We are fascinated by how mechanical forces travel across the cell and cause biochemical changes inside the nucleus, directly affecting cell behaviour. To understand the molecular mechanisms underlying these processes, we combine new techniques to apply controlled forces at the individual chemical bond, protein and cell levels.
Cells are continuously exposed to mechanical perturbations from the environment, neighbouring cells and fluids moving around them. While some of these mechanical inputs are sensed and remain at the cell surface, others can travel long distances inside the cell to reach the nucleus, the cell’s decision hub, and influence cell behaviour. In fact, mechanical forces determine many basic cell functions, and are related to diseases like cardiovascular conditions or cancer.
These processes are often controlled by the elastic properties of the individual proteins, which need to constantly stretch and recoil under a load. However, many of the scientific methods commonly used in molecular and cell biology cannot apply and monitor the effects of forces.

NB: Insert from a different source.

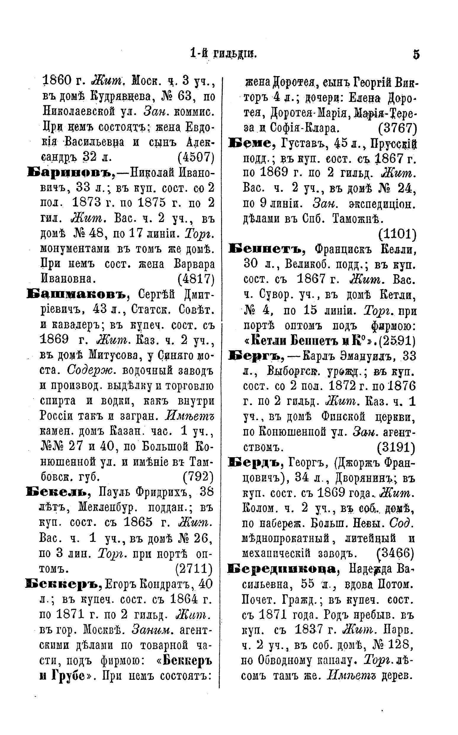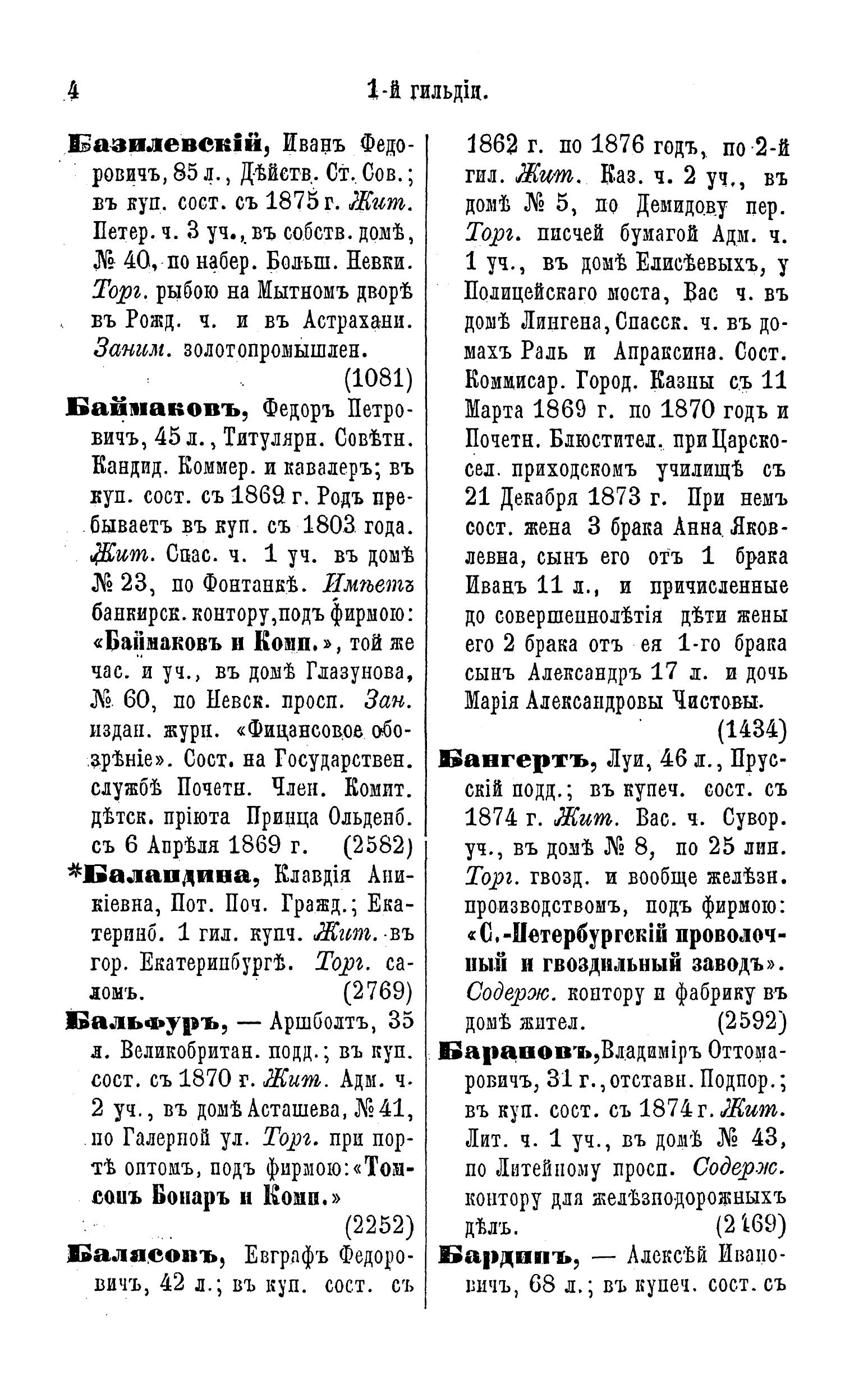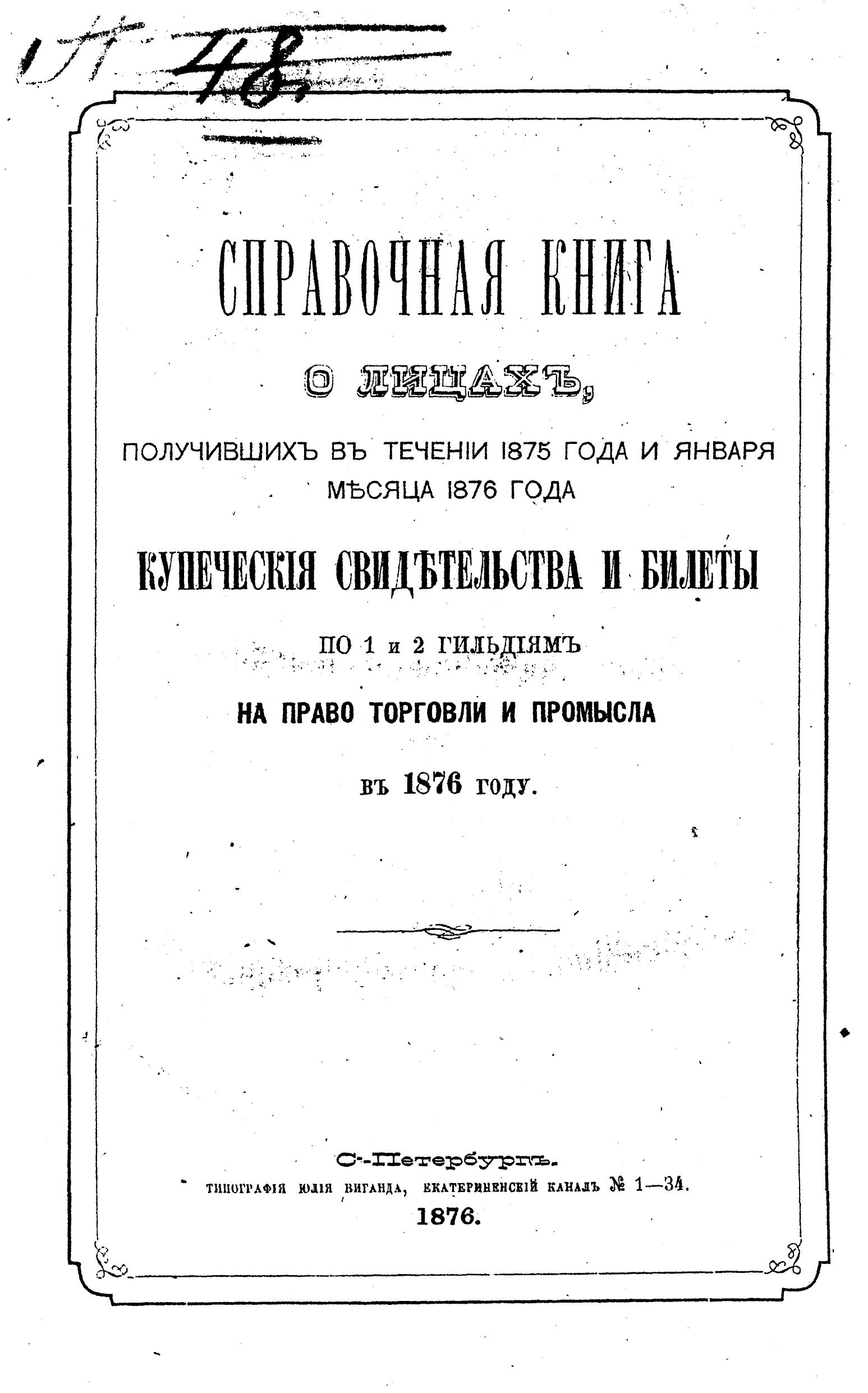 Справочная книга о купцах С.-Петербурга на 1876 год Петербургская купеческая управа

My laboratory develops and applies single molecule techniques to capture the individual unfolding and refolding trajectories of proteins under force. Borrowing concepts from polymer physics, protein chemistry and molecular biology, we aim to understand the molecular basis of protein elasticity.
Arguably the main challenge in our field is seeing whether phenomena observed in single-molecule experiments translate to cells. Specifically, we do not know whether individual molecules working inside the cell respond to force according to the same fundamental physical laws that we see in the single-molecule experiments. Closing this gap has become an urgent question in mechanobiology.